Abstract

INTRODUCTION: Comorbidities associated with Crohn's disease (CD) add to the symptoms of disease and may contribute to substantial disease burden. There is a lack of information on the development of comorbidities in CD patients in the real world. This study aims to compare comorbidities, including opioid use, in CD patients relative to patients without inflammatory bowel disease (IBD), using a large database and long-term follow-up. METHODS: This was a retrospective matched cohort study. Working age adults with CD (≥2 independent claims with a CD diagnosis ≥30 days apart and within 1 year; first CD diagnosis was the index date) and controls without diagnosis for IBD (random index date) were identified in a US healthcare claims database (OptumHealth Care Solutions, Inc.) of privately-insured patients (01/1999-03/2017). CD patients were matched 1:5 with non-IBD controls using baseline characteristics, including the Quan-Charlson comorbidity index and cardiovascular disease. Comorbidities during the 12-month baseline period before the index date were reported.

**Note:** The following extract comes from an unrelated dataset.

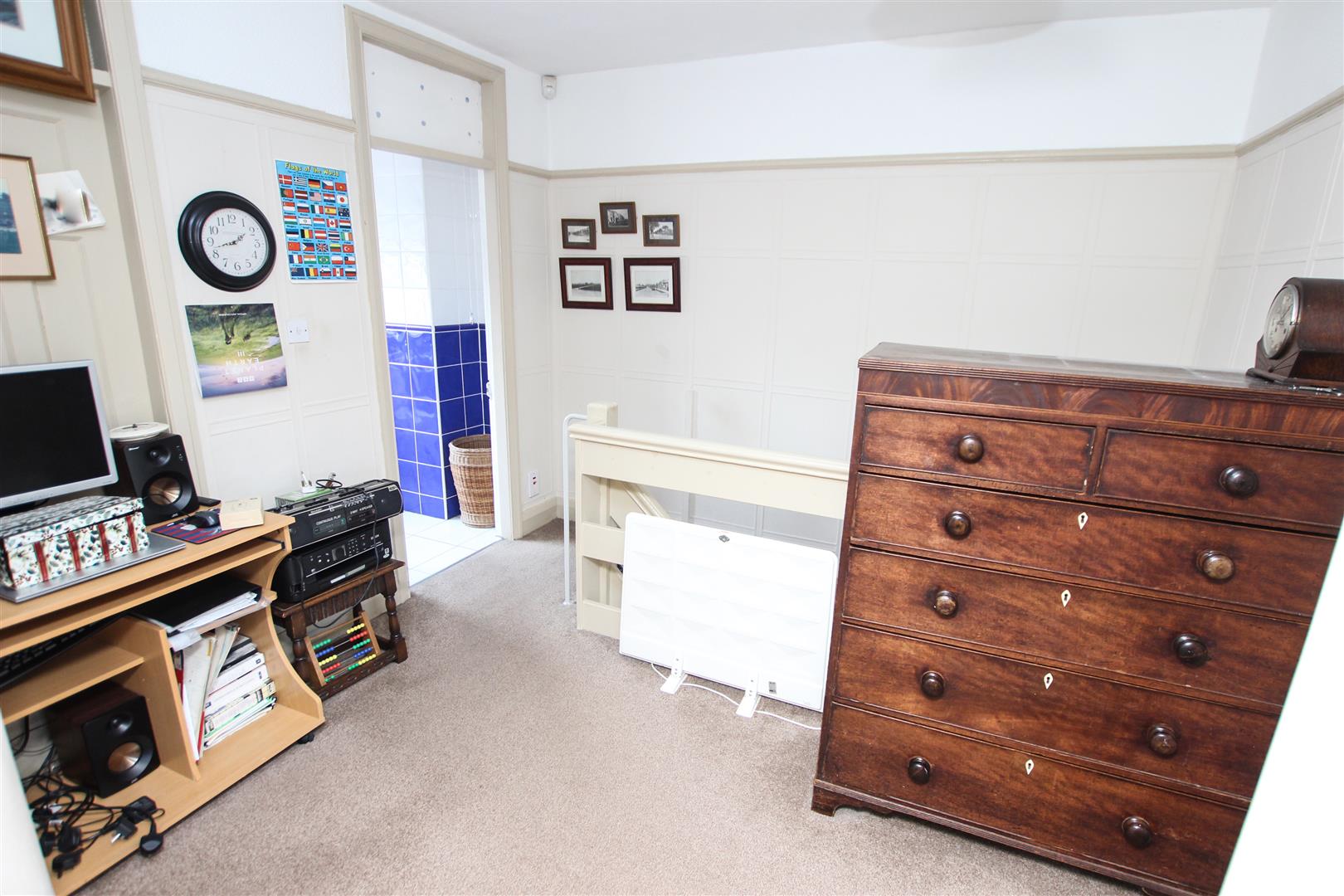 From here there is a continuation of the lincrusta panelling to the walls, picture rail, ceiling light and doors to bedrooms and bathroom.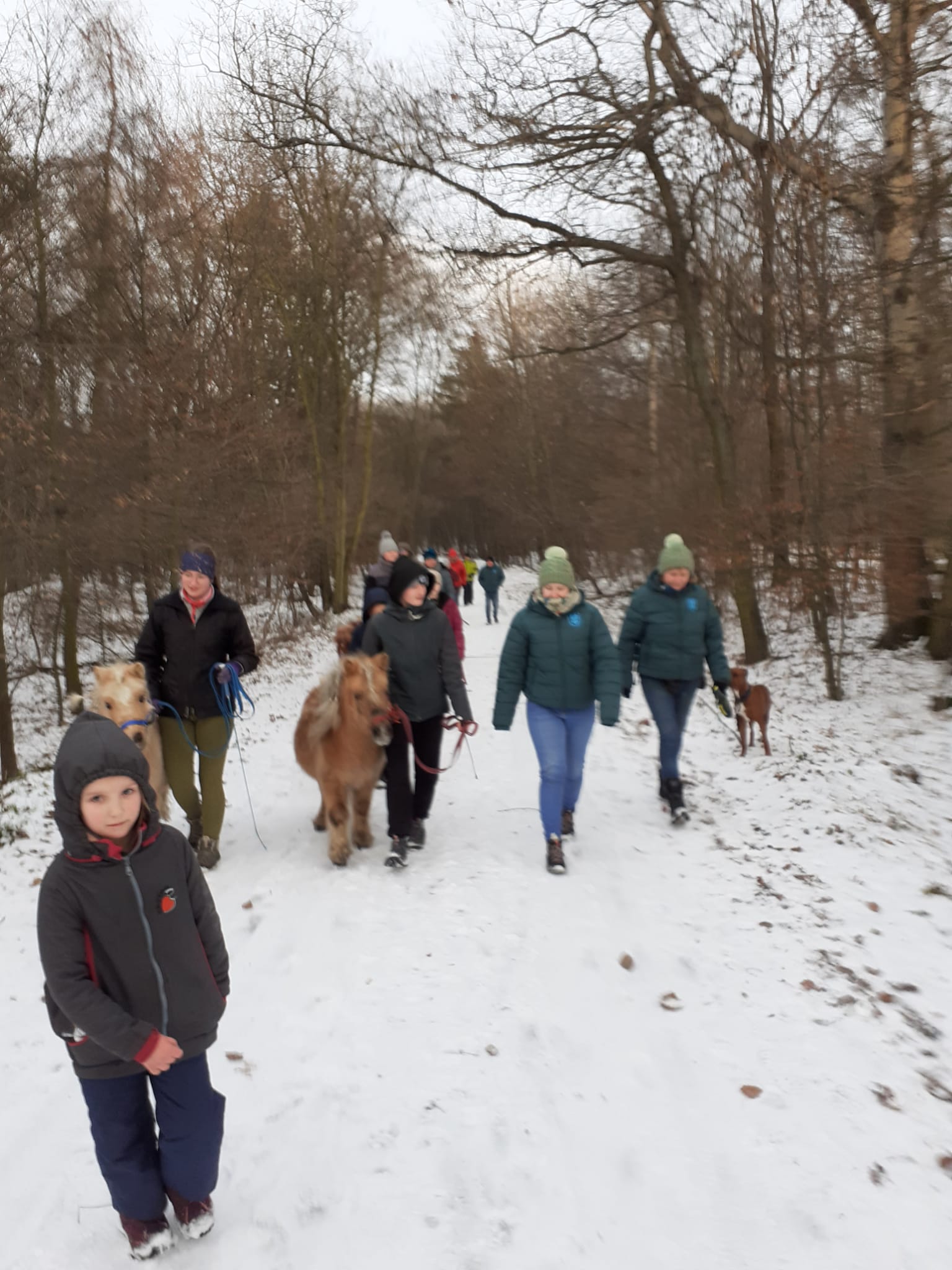 Novoroční procházka s minikoníky spojila mládež, rodiče, pejsky i vítr, přesto jsme si společné chvíle užili.

During the follow-up, lasting at least 12 months, the incidence of new comorbidity, including opioid use as a proxy for pain, was compared to the non-IBD controls by Kaplan-Meier (KM) rate with log-rank test. RESULTS: The study sample was composed of 6,715 CD patients and 33,575 non-IBD matched patients (average age of 45 years old, and 54% female). Pain, anemia, and fatigue were significantly higher in the CD cohort at baseline (Figure 1). Over the follow-up, new cases of cardiovascular disease were significantly higher in the CD compared to the matched non-IBD cohort with a rate of 11.5 vs 7.8%, respectively, by year 6 (Figure 2). In addition, the rates of new cases of fatigue (5.3 vs 3.2%), anemia (6.0 vs 1.9%), respiratory disease (3.5 vs 1.8%), and anxiety (5.3 vs 2.8%) were also significantly higher in the CD cohort compared to the non-IBD cohort by year 6 (log-rank P-value < 0.001). When new cases of pain diagnosis or opioid use were analyzed, the rate was significantly higher in the CD cohort, reaching 74.0% compared to 59.1% in the non-IBD cohort at year 6 (Figure 3). CONCLUSION: In this study, comorbidities, in particular new cases of pain diagnosis or opioid use, were significantly higher in CD patients relative to non-IBD patients, suggesting that the development of comorbidities may contribute to the long-term disease burden of CD.